New Mexico hat eine förmliche Untersuchung der Zwangs- und Zwangssterilisationen von indigenen amerikanischen Frauen eingeleitet, vor allem durch den Indian Health Service in den 1970er Jahren, wobei die Ergebnisse bis Ende 2027 erwartet werden.
Die Untersuchung, die vom indischen Ministerium für Angelegenheiten und der Kommission für den Status der Frau geleitet wird, wird den historischen Umfang, die Auswirkungen und den systemischen Charakter der Praktiken im Anschluss an ähnliche Bemühungen in Vermont und Kalifornien untersuchen.

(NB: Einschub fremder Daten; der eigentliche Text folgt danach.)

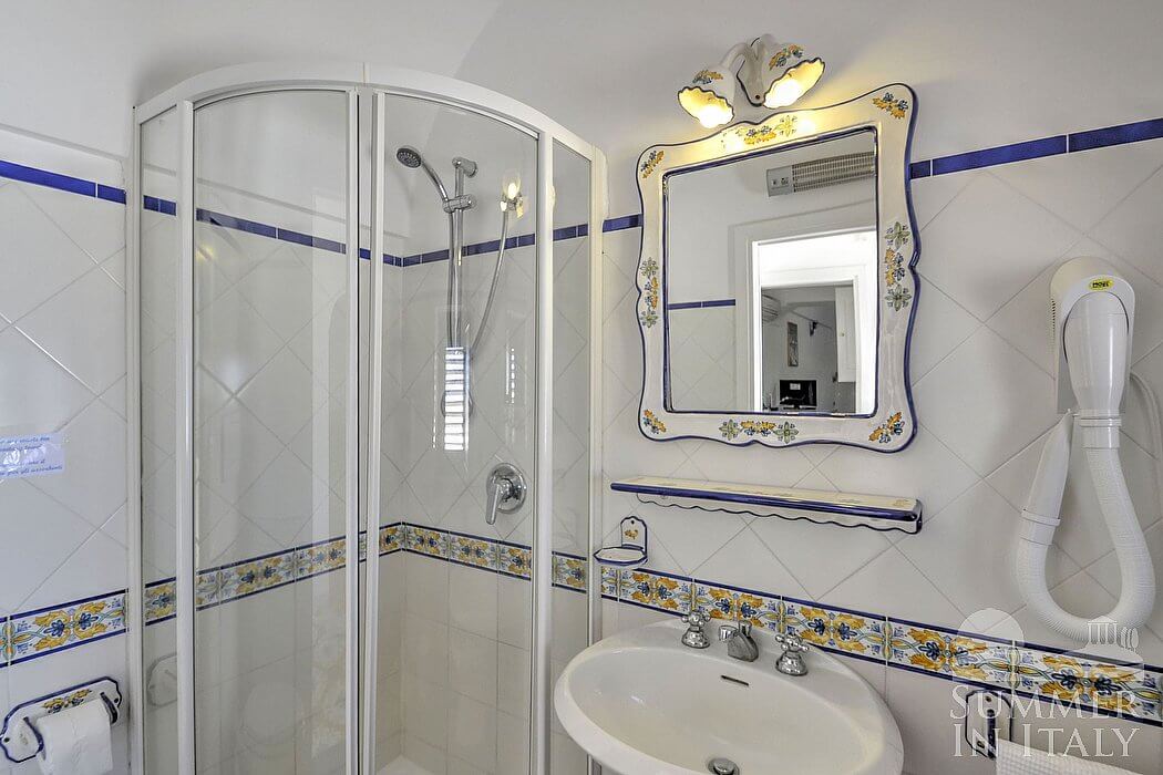 The second bathroom is tiled with lucid handmade majolica tiles and equipped with a washbasin, a toilet and a fully enclosed shower. You will be able to enter the bathroom from the corridor.
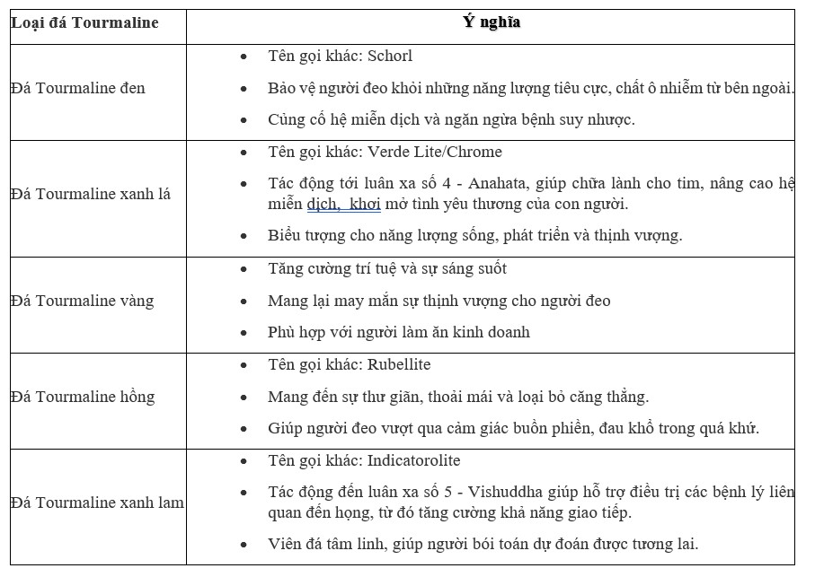 Tourmaline là loại đá đa màu sắc. Mỗi một phiên bản màu sắc lại mang đến những công dụng và ý nghĩa khác nhau. Cụ thể:
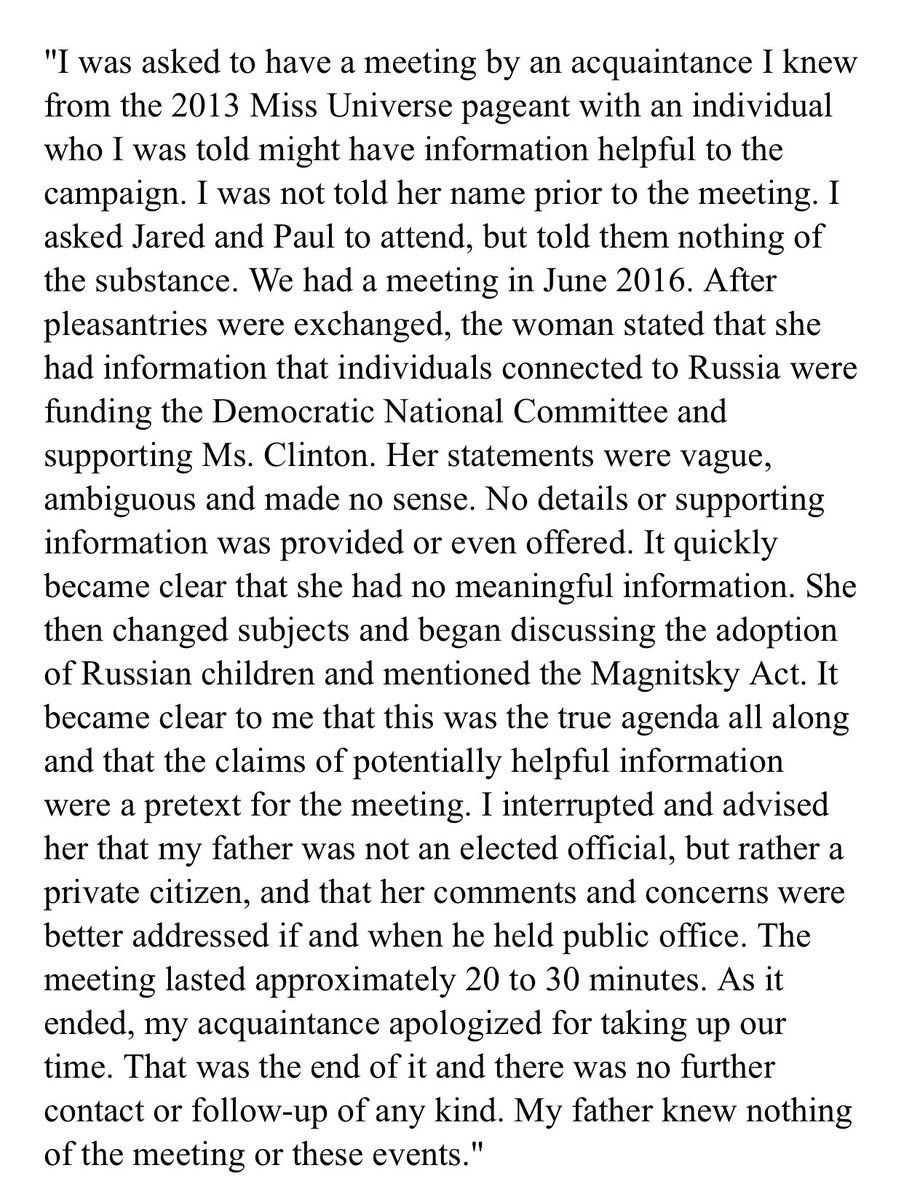 Soltanto quando il New York Times ha diffuso i dettagli sul contenuto dell’incontro (scrivendo quindi che Veselnitskaya propose materiale compromettente su Clinton), Trump Jr ha diffuso questo comunicato contraddicendosi di nuovo.
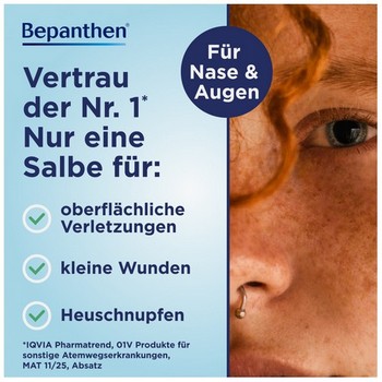 Unterstützen auch Sie Ihre Nase und/oder Ihre Augen bei der Heilung: Bestellen Sie hier noch heute – und rezeptfrei – die Bepanthen® Augen- und Nasensalbe und profitieren Sie von ihren beruhigenden und pflegenden Eigenschaften.
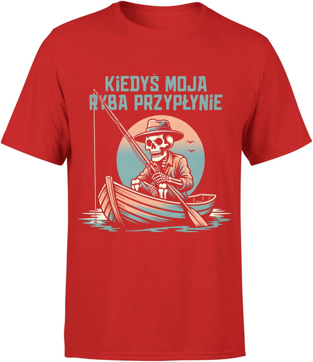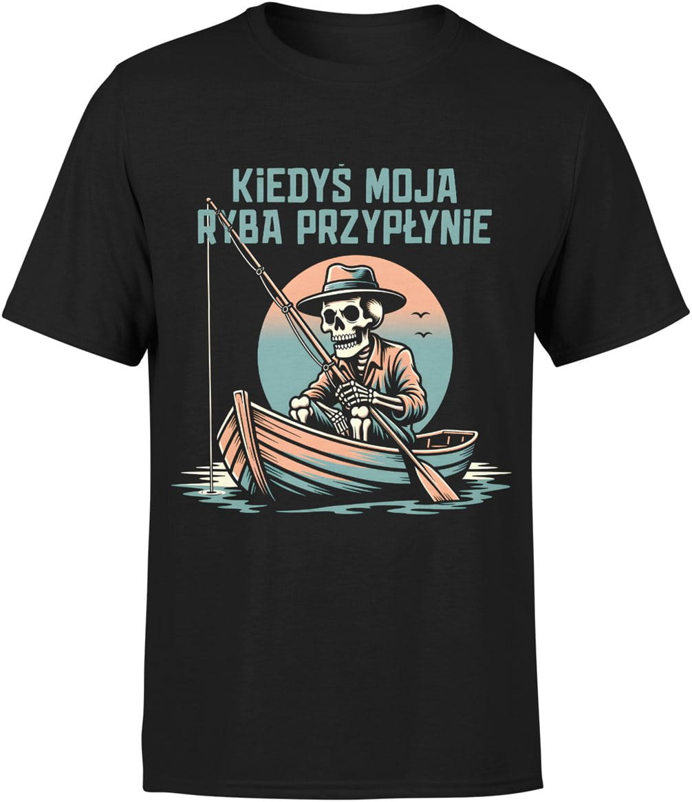 Wędkarz szkielet humor czarny dystans łowienie ryb Męska koszulka

Überlebende wie Jean Whitehorse, ein Navajo-Nation-Mitglied, haben sich über die Sterilisation ohne informierte Zustimmung während der Notfalloperationen ausgesprochen, mit einem Bericht des US-Regierungsbüros für Rechenschaftspflicht von 1976, der 3.406 Sterilisationen in vier IHS-Regionen zwischen 1973 und 1976 dokumentierte, viele mit Minderjährigen und unsachgemäßer Zustimmung.
Die Bundesregierung hat das breitere Muster des Missbrauchs nicht offiziell anerkannt.
New Mexico investigates historical forced sterilizations of Native women by the IHS, following a 1976 report of thousands of coerced procedures.